The pod rolled up right on the dot, and I was already outside waiting for it. But to my surprise, when the door opened, Uncle was waiting in it.
It had a driver of course, who probably doubled as a bodyguard. Now that I knew Uncle had deadly enemies, plus there were rebels, that just made sense. I got in, very formal and all, but as soon as the door dropped, the decorum got thrown out, as Uncle grabbed me and hugged me as hard as can be! I hugged back, of course.
“I am so incredibly proud of you!” Uncle said, holding me at arm’s length and beaming at me.
Which told me that this pod must have been taken apart piece by piece and gone over for listening bugs. “Joy, I want you to know I never, ever thought that anyone would cause you serious harm when I brought you here. I will admit I did so with the intention of seeing who might try to use you. I never thought things would go this far.”
“Well, now we know they’re ruthless and they’re stupid,” I replied as bravely as I could. “Ruthless, that’s obvious. And stupid because they clearly didn’t bother studying either of us.”
“I wish I had warned you more explicitly and I had done it while you were still back home,” he said.
Well, I’ve said before that one of the things I’ve studied at the Monastery is The Art of War and The Book of Five Rings. Not a lot, but I’ve studied them. So, I wasn’t like all how could you! I just shrugged. “‘Let your plans be dark and impenetrable as night, and when you move, fall like a thunderbolt.’” I quoted.

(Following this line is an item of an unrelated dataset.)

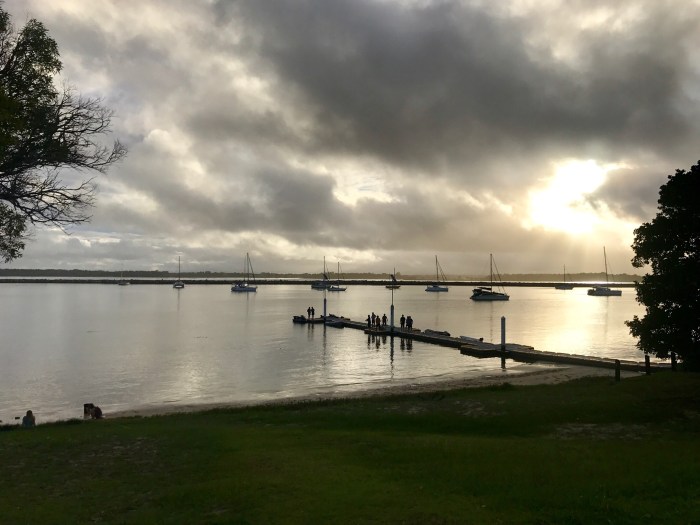 Seit einigen Wochen nun spielt das Wetter in der Region verrückt. Es ist extrem wechselhaft. Regen, Sonne, grauer Himmel oder gigantische Wolkengebilde. Alles in allem ist es eher kühl, wir brauchen in der Nacht wieder Decken, wobei es aber auch schnell extrem heiss werden kann, wenn der Himmel frei ist. Auch der Wind ist wechselhaft, ausser seit den letzten zwei Wochen. Da blies dieser nämlich tagelang zuerst aus Südwest und dann aus Südost. Wenn wir auf diesen Wind aufgestiegen wären, wären wir nun mindestens in Brisbane! Aber an unserem Reisetag war noch Schwachwind und unser Ziel war Port Stephens. Port Stephens ist eine breite Naturbucht in der Delfine heimisch sind und während der Saison auch von Walen aufgesucht wird. Im Gegensatz zu Newcastle gibt es keinen Industriehafen und das Wasser war das klarste seit langem. Die Einfahrt in die breite aber an vielen Stellen seichte Bucht ist recht schmal. Links und rechts sind viele Sandbänke. Wir machten uns in der Nelson Bay an einer Mooringboje fest. Unterdessen war nämlich ein grosser Regenguss auf uns hernieder gegangen – gerade als wir auf dem Weg durch die schmale Passage waren. Die Bojen lagen ganz nahe am Sandstrand, was uns sehr gefiel.

He smiled so broadly I thought his face might split in two.
“You sound just like my brother, and I see you have gotten an excellent education.” He hesitated a moment. “There is a great deal going on that—”
“You can’t tell me about,” I finished for him. “You’re the general, Uncle. I’m just the soldier.” I figured I would leave it at that. And that seemed to satisfy him.
“We won’t be as much strangers now,” he said, changing the subject—or maybe not. “There can be no question in anyone’s mind about favoritism now that you’ve earned Elite.” And that made me almost giggle I was so happy.
He picked a place to eat at random and didn’t have to explain to me why: it would be impossible for anyone to have set up spy-ears that way. We made a big stir among the patrons when we came in, but no one was daring or bad-mannered enough to try to come up to us. We got a little private alcove, and I couldn’t tell you what we ate, because I was just too busy finally being with my uncle, and not the Prefect Charmand. Finally I had family, all of my own.